Mit Musik und Erzählungen erinnerte auch Joram Bejarano an seine Mutter, Esther Bejarano.

Für die KZ-Überlebenden organisierte der Kölner Frauengeschichtsverein eine Gedenkveranstaltung, bei der Musik, Reden und Anekdoten ihr Engagement gegen Rechtsextremismus in den Vordergrund stellten.

Sie war eine bekannte Mahnerin wider das Vergessen, eine unermüdliche Kämpferin gegen Rechtsextremismus und Rassismus. Am 15. Dezember hätte Esther Bejarano, die am 10. Juli 2021 starb, ihren 100. Geburtstag gefeiert.

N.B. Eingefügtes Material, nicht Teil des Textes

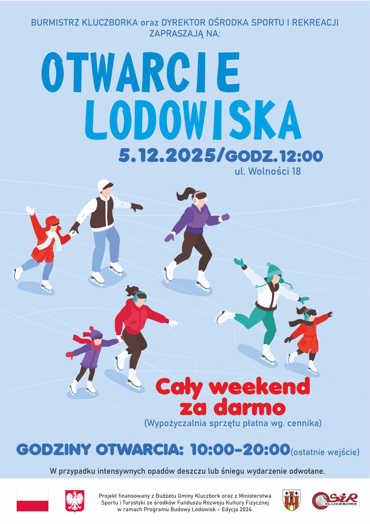W piątek 5 grudnia o godz. 12:00 otwieramy kluczborskie lodowisko przy ul. Wolności 18. Zapraszamy całe rodziny oraz wszystkich miłośników zimowej aktywności na świeżym powietrzu.

Anlass für den Kölner Frauengeschichtsverein, eine Erinnerungsveranstaltung für die streitbare Aufklärerin über den Faschismus im NS-Dokumentationszentrum anzuregen.

Köln: Esther Bejarano mit Reden und Musik gewürdigt

Mit Reden, Musik und Fotos würdigten Claudia Wörmann-Adam vom Förderverein EL-DE-Haus, Esther Bejaranos Sohn Joram und Kutlu Yurtseven von der Kölner Rap-Band „Microphone-Mafia“ das Wirken der aus Saarlouis stammenden und zuletzt in Hamburg wohnenden Friedensaktivistin. Ganz im Sinne der Sängerin und Buchautorin überwog trotz aller Grausamkeiten, die sie als Verfolgte des NS-Regimes durchstehen musste, die Feier einer Unbeugsamen. Im voll besetzten Saal, in dem die Bewegung „Omas gegen Rechts“ stark vertreten war, durfte auch oft gelacht werden über Anekdoten von den Zeitzeugen-Tourneen durch Deutschland, Europa und bis nach Kuba mit der „Microphone-Mafia“. Wie von der KZ-Überlebenden dank ihrer Mitwirkung im Mädchenorchester Auschwitz gewünscht, erklang zu Beginn des Abends das Lied der israelischen Friedensbewegung „Shir laShalom“. Dazu erklärte der 72-jährige Joram Bejarano die Haltung seiner Familie: „Wir sind große Kritiker der israelischen Regierung, denn sie hat dem palästinensischen Volk viel Böses angetan. Wir haben immer für eine Zweistaatenlösung plädiert.“ Claudia Wörmann-Adam zitierte Leitgedanken von Esther Bejarano wie „Es ist nicht deine Schuld, dass die Welt kaputt ist, aber es ist deine Aufgabe, dass sie ganz wird.“

Esther Bejaranos Motto: Das Leben geht weiter

Einige Kölnerinnen und Kölner erlebten die zierliche Frau mit der kraftvollen hellen Stimme noch live auf der Bühne. „Wir wollen, dass ihr lacht, weil das Leben weitergeht“, lautete ihr Motto. Deshalb öffnete sie sich im März 2008 für das Rap-Projekt des türkischstämmigen Kölners Kutlu Yurtseven, einem Musikerkollegen ihres Sohnes Joram. Damals war sie bereits seit 30 Jahren als Zeitzeugin unterwegs, ausgelöst durch eine Neonazi-Kundgebung in Hamburg, bei der sie der Umgang der Polizei mit Gegendemonstranten empörte. „Wir waren zuerst ein Projekt, dann eine Band und schließlich eine Familie“, erinnerte sich Yurtseven an 13 intensive gemeinsame Jahre. So sah das auch die Trägerin des Bundesverdienstkreuzes. Daher blieb sie hartnäckig, als die Stadt Köln ihr allein die Ehre zuteilwerden lassen wollte, sich ins Goldene Buch einzutragen. Ohne „die beiden Mafiosis“ (neben Yurtseven Rossi Pennino) wolle sie verzichten, sagte sie, und setzte sich durch.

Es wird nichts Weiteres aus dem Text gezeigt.